The Japanese yen quietly edged higher last week, extending its recent recovery off yearly lows (vs a trade-weighted basket of currencies). Speculative futures sentiment by large traders in the latest COT report slightly backed off the largest net short position for the year. This suggests that the crowded yen carry trade has obviously started to reverse, but due to its extremely short (79%) position, still has ample room to rally further. Meanwhile, retail FX positioning data points out that the retail population has continued to sell yen, pushing the net long by percent down to 45% from 49% a week ago. The USD/JPY has clearly settled back into the middle of the 8-month range near Y111. While (daily chart) bearish momentum hints of near-term stability, the technical picture remains negative while 111.65/112.00 (USD/JPY) caps on a closing basis.
Speculative euro positioning by non-commercial traders increased to near once again the largest net long position by (non-commercial) speculators on record. While, according to recent retail trading data, the retail population continued to be sellers into bouts of euro strength, but also seems to be buyers on pullbacks, which explains why the retail FX net long remained unchanged at 35% from a week ago. Meanwhile, the technical picture has improved for the trade-weighted euro, marking a higher base at a relatively high level within the last 6-month trend up. The bullish momentum in speculative sentiment combined with a positive technical backdrop, together with a hint of a re-test of the EUR’s 2017 highs especially vs the GBP & USD.
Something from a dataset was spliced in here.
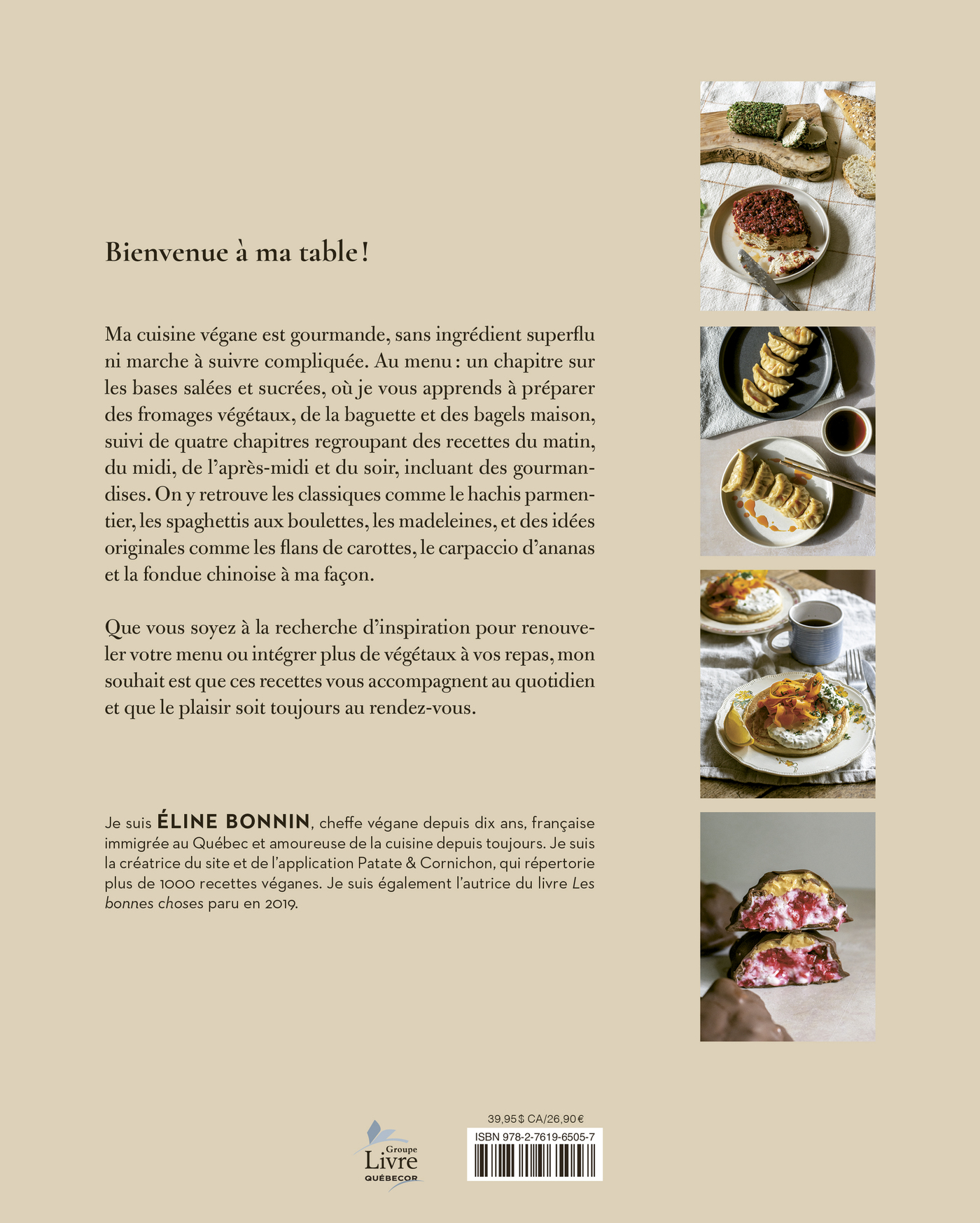 Ma cuisine végane est gourmande, sans ingrédient superflu ni marche à suivre compliquée. Au menu : un chapitre sur les bases salées et sucrées, où je vous apprends à préparer des fromages végétaux, de la baguette et des bagels maison, suivi de quatre chapitres regroupant des recettes du matin, du midi, de l'après-midi et du soir, incluant des gourmandises. On y retrouve les classiques comme le hachis parmentier, les spaghettis aux boulettes, les madeleines, et des idées originales comme les flans de carottes, le carpaccio d'ananas et la fondue chinoise à ma façon.

British pound speculative (bullish) sentiment rebounded significantly once again, according to most recent COT report. Large speculators upped their long positions substantially, allowing for the overall (net long) position to advance to 50% from 48%. Meanwhile, the retail FX population continued to scale back their net long position of the recent 6-month high at 59% (Nov 3rd) to just 45% (as of this writing). While these bullish forces of sentiment are typically bullish for the GBP, recent price-action suggests that weekly technical momentum has stabilized. A slightly upwardly tilted rectangle pattern has emerged, highlighting a solid range between 1.3080 & 1.3340 has formed. That said, if 1.32 (GBP/USD) continues to provide support on a (daily) closing basis, attention will remain on the upper end of the range at 1.3340.